"совершеннейшей формы речи", смещающим прозу "прежде всего в философии".
Если до сих пор он "в тех же мыслях", это многое разъясняет, конечно,
во "Всех напевах", и даже на заглавие сборника бросает свет. А ученичество,
декадентство и педантизм Валерия Брюсова приурочиваются для нас, таким
образом, к данной ступени его миропонимания. Послушайте, Брюсов, но разве
стих может быть речью, т. е. обыденностью?
Потому что смешно же, в самом деле, проектировать в будущем какой-то
гиератизм стилей, с академией в Чебоксарах.
Каждая область знания точно ищет освободиться от пут метафоры, от
мифологических сетей речи - но уж, конечно, не для изысканности стиля, а
чтобы уйти в терминологию, в беззвучность, в письмо, в алфавит на аппарате
Морзе. Что же будет она делать - скажите - со стихом, этим певучим гением
мифа, уверяющим ее в вечности Протея и бессмертии непрестанно творимой
легенды?
И кому нужна будет философия без системы, а тем более стих,
отказавшийся быть личным, иррациональным, божественно неожиданным?
Впрочем, тут, конечно, легче гадать, чем судить, и критика, пожалуй,
еще априорнее утверждения... Я протестую в словах Брюсова против одного -
"несомненно" {74}, и хорошо, что он написал его шесть лет тому назад, а
теперь, может быть, уже и забыл!
Во всяком случае, стих недаром носил когда-то не только философскую
мечту, но и философскую доктрину. Наша элегия до сих пор склонна к
"философичности".
Да и нельзя толочься десятками лет среди таких соблазнительных
соседств, как мертво и ничего, жизни и тризне, без цели - качели, смерть и
твердь (есть, положим, еще верть! и жердь - но они скромно отодвигаются в
сторону, чувствуя свою обидную неантологичность) и не настраиваться время от
времени метафизически.
Есть, однако, в России поэты, для которых философичность стала как бы
интегральной частью их существа.
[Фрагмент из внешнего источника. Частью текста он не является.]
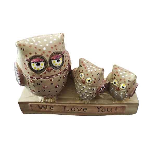 This cute owl family would suit any room in your home. Completely hand painted and hand drawn. It is beige in color. Different and original patterns were used in its design. On the bottom it says ‘we love you!’.
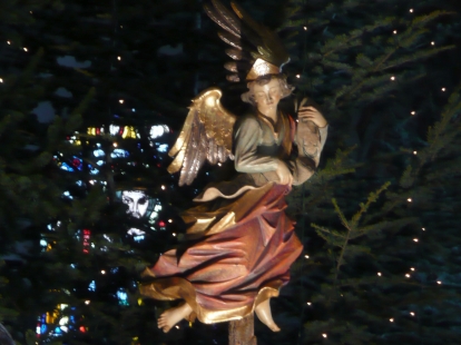 Nach dem Mittagessen sind wir in die schlichte Kirche des kleinen Ortes gegangen, denn dort war eine Grippe vor dem Altar aufgebaut, über die am Morgen auch schon auf dem Fernseher berichtet worden ist. Sie erzählte davon ganz begeistert und sagte, daß wir nach dem Mittagessen alle miteinander hingehen könnten, um sie zu betrachten. Wir waren dann aber doch nur zu zweit. Die Grippe anstatt des Altars ging über die ganze Breite der Kirche. Links stand ein markanter, riesenhafter, grauer Baumstumpf - Sturmholz -, an dem viele dieser scheibenförmigen Pilze wuchsen und in dessen schützender Höhle die heilige Familie war, das Kindlein in der Krippe lag. Aus dem dicken, graugrünen Moos, mit dem die ganze Länge der Krippenlandschaft ausgelegt worden ist, wuchsen an manchen Stellen üppig Alpenveilchen rosenrot und weiße Christrosen. Das Moos sah so weich aus. Dahinter hohe Tannen, die über und über von winzigen Lichtern leuchteten, wie als sei ein glitzerndes Netz über sie gebreitet worden. Oben darüber der goldene Stern mit einer himmlischen Wolke darin. Und der Engel Gabriel. Dahinter, im Glasfenster, ein Gesicht.

Поэзию их нельзя назвать, конечно, их
философией. Это и не философская поэзия Сюлли Прюдома {75}. Атмосфера, в
которой родятся искры этой поэзии, необходимая творчеству этих поэтов -
густо насыщена мистическим туманом: в ней носятся частицы и теософического
кокса, этого буржуазнейшего из Антисмертинов, в ней можно открыть, пожалуй,
и пар от хлыстовского радения, - сквозь нее мелькнет отсыревшая страница
Шопенгауэра, желтая обложка "Света Азии" {76}, Заратустра бредил в этом
тумане Апокалипсисом.
О, я далек от желания писать карикатуру. Я говорю о нашей душе, о
больной и чуткой душе наших дней.
И вы уже угадали, что речь идет о поэте и романисте, которому было бы
довольно "Мелкого беса" и "Опечаленной невесты", чтобы имя его осталось
бессмертным выражением времени, которое мы, как всякое другое поколение,
склонны, за неимением к оному перспективы, считать безвременьем.
Федор Сологуб - петербуржец.
На последней из известных мне книг его стихов написано, что она 8-я
(издана в 1908 г., 202 с. Москва, Изд-во "Золотое Руно") {77}.